Art.  4 - Azioni di informazione e ricerca

 1. La Regione promuove:

 a) l’elaborazione e diffusione di studi e ricerche sul mobbing, anche attraverso l’Osservatorio regionale sul mobbing di cui all’articolo 7 e l’Agenzia umbra ricerche (AUR);

 b) la realizzazione di strumenti permanenti di documentazione e informazione;

 c) l’attivazione di corsi post-laurea nelle materie oggetto della presente legge.

Art.  5 - Azioni di assistenza medico-legale e psicologica

 1. La Regione concede incentivi alla realizzazione di supporti e terapie psicologiche di sostegno e riabilitazione per il lavoratore vittima del mobbing ed i suoi familiari, secondo criteri e modalità da stabilirsi dalla Giunta regionale entro novanta giorni dall’entrata in vigore della presente legge.

Art.  6 - Sportelli anti-mobbing

 1.  La Regione promuove l’istituzione presso gli uffici comunali di cittadinanza di appositi sportelli anti-mobbing con il compito di:

 a) fornire una prima consulenza in ordine ai diritti del lavoratore;

 b) orientare il lavoratore presso gli uffici della ASL competente;

 c) segnalare, con il consenso del lavoratore, i casi di presunto mobbing al Servizio di prevenzione e sicurezza negli ambienti di lavoro territorialmente competente.

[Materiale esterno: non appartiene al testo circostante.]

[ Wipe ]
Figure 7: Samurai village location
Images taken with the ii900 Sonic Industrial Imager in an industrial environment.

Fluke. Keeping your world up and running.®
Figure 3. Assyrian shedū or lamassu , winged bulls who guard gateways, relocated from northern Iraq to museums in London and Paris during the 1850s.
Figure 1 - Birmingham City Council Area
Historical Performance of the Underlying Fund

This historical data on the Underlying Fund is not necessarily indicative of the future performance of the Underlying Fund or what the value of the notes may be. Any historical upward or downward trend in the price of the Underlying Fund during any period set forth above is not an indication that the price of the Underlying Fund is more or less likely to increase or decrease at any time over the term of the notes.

Art. 7 - Osservatorio regionale sul mobbing

 1. È istituito l’Osservatorio regionale sul mobbing con sede presso l’assessorato competente in materia di lavoro.

 2. L’Osservatorio è composto da:

 a) l’assessore regionale alle politiche attive del lavoro, o suo delegato, che lo presiede;

 b)  un membro designato dal Comitato regionale di coordinamento per la sicurezza nei luoghi di lavoro di cui all’articolo 27 del decreto legislativo 19 settembre 1994, n. 626;

 c) il dirigente regionale del Servizio di prevenzione, o suo delegato;

 d) un rappresentante designato dalla direzione regionale del lavoro;

 e)  un rappresentante designato congiuntamente dalle organizzazioni sindacali dei lavoratori presenti nella Commissione tripartita;

 f) un rappresentante designato congiuntamente dalle organizzazioni sindacali dei datori di lavoro presenti nella Commissione tripartita;

 g) la consigliera regionale di parità;

 h)  un sociologo e uno psicologo individuati dalla direzione regionale della sanità, a cura del direttore della stessa;

 i)  un avvocato esperto di diritto del lavoro, da individuare nell’ambito dell’Ufficio legale della Regione.

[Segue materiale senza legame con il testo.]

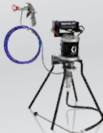
30:1 airless stand mount
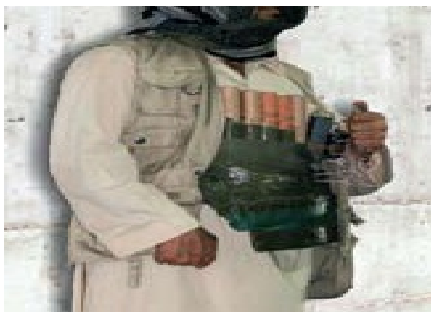
Picture 1 – Suicide-bomber who will press electrical-switch and activate explosive charge

Selection of suicide attackers from various psychological and demographic structures is observed as specificity of private security in high-risk zones.
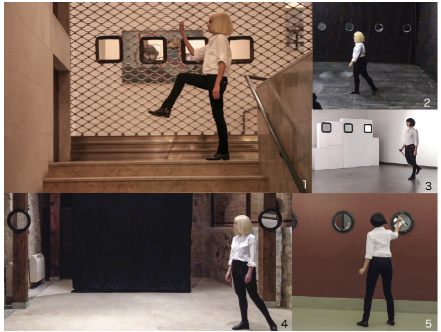
Figure 2. Composition showing pictures of the five different re-performances of Identificación : 1) Lisbon, Portugal; 2) Guimarães, Portugal; 3) Torres Vedras, Portugal; 4) Blanca, Spain; 5) Porto, Portugal

of Identificación 's re-actualisation, in this case, took the form not of a technical document, like those produced by conservators, but of an artistic documentary. In the same way, the micro-decisions that drove Rovisco's documentation process (which occurred concomitantly with her artistic process) influenced and were influenced by her performative practice and by her intention to transmit the bodily practice of the work . But how is Rovisco's documentation different from the documentation produced in the context of the work's conservation?
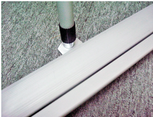
Step 4 - Insert the pole into the pole adapter.
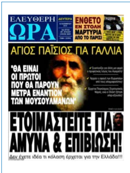
Figure 2: Front page of Eleftheri Ora (16 November, 2015) a few days after the attack in Paris. Among others we read “Be prepared for defence and survival! You have no idea the hell Greece will face!”

Another well-known columnist in the same newspaper, Kathimerini, argued that despite the fact that Islam should not be completely identified with terrorism it is clear that it is closely related with terrorism, arguing that the answer to the question of why young Muslims are becoming violent is not an issue of inequalities but of the religion of Islam
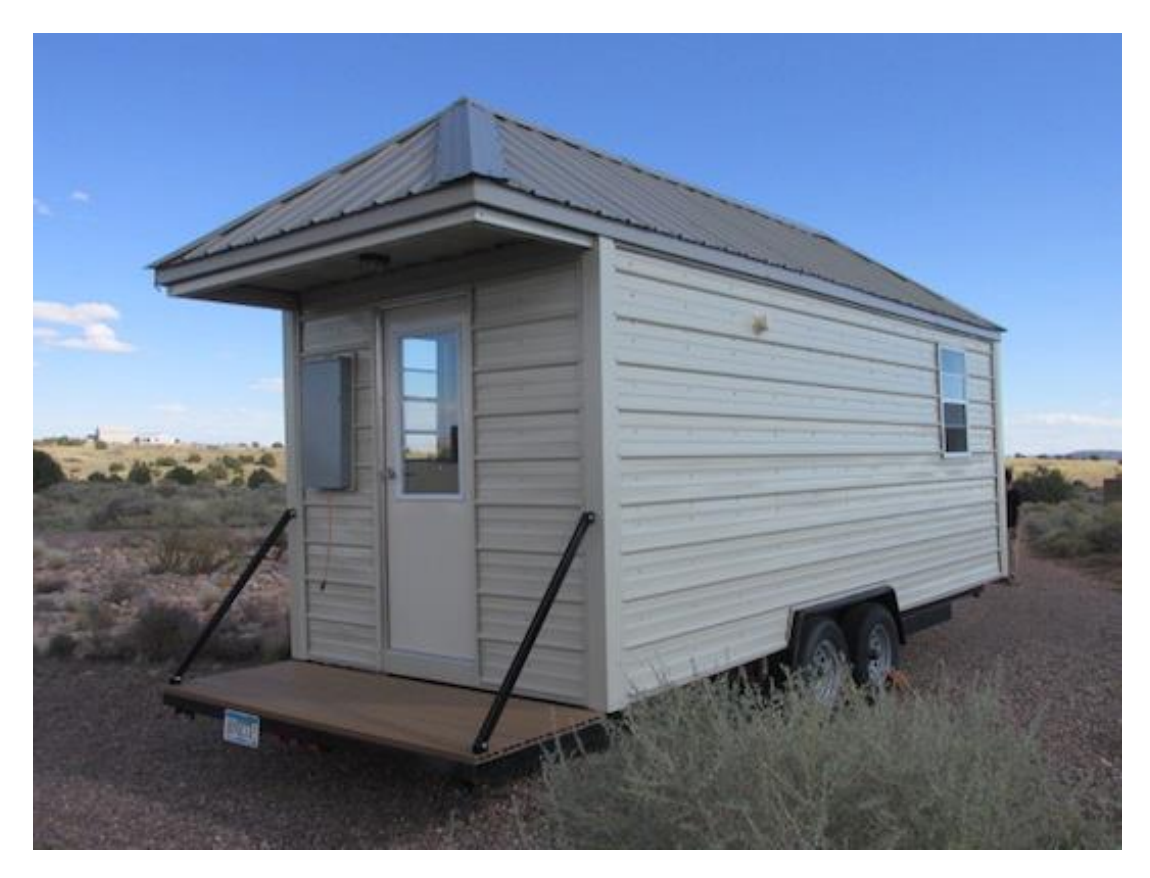
Tiny house made entirely of steel.

feasible to move seasonally to a warmer winter location or a cooler summer location – or to escape wood smoke during the winter.

 3. L’Osservatorio è costituito con decreto del Presidente della Giunta regionale e il suo funzionamento è disciplinato da apposito regolamento interno. Le funzioni di segreteria sono svolte dalla struttura dell’assessorato competente in materia di lavoro.

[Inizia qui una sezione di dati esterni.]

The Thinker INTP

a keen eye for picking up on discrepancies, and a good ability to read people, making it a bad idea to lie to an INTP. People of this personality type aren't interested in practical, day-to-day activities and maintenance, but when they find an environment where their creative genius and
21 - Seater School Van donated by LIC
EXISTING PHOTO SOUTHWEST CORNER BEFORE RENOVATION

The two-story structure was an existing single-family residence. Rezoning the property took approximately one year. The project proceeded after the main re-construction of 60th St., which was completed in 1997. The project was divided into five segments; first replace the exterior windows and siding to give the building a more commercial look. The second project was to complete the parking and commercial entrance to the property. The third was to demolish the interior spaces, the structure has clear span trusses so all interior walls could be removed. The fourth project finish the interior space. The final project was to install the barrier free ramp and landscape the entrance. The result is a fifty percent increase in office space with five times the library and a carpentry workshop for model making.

 4. L’Osservatorio svolge i seguenti compiti:  a) formula proposte alla Giunta regionale in ordine alle azioni e interventi di cui alla presente legge;

 b) svolge attività di consulenza nei confronti degli organi regionali, nonché degli enti pubblici, delle associazioni ed enti privati e delle aziende sanitarie che adottino progetti o sviluppino iniziative a sostegno delle finalità della presente legge, in particolare si raccorda con i comitati paritetici sul fenomeno del mobbing o organismi analoghi eventualmente previsti dai contratti collettivi di lavoro;

 c) realizza il monitoraggio e le analisi del fenomeno del mobbing, anche avvalendosi degli enti strumentali della Regione;

 d) promuove studi, ricerche, campagne di sensibilizzazione e di informazione in raccordo con i soggetti destinatari della presente legge;

 e) promuove i protocolli d’intesa e le collaborazioni con gli organismi di vigilanza al fine di contrastare il fenomeno del mobbing anche nell’ambito dello svolgimento delle loro attività istituzionali.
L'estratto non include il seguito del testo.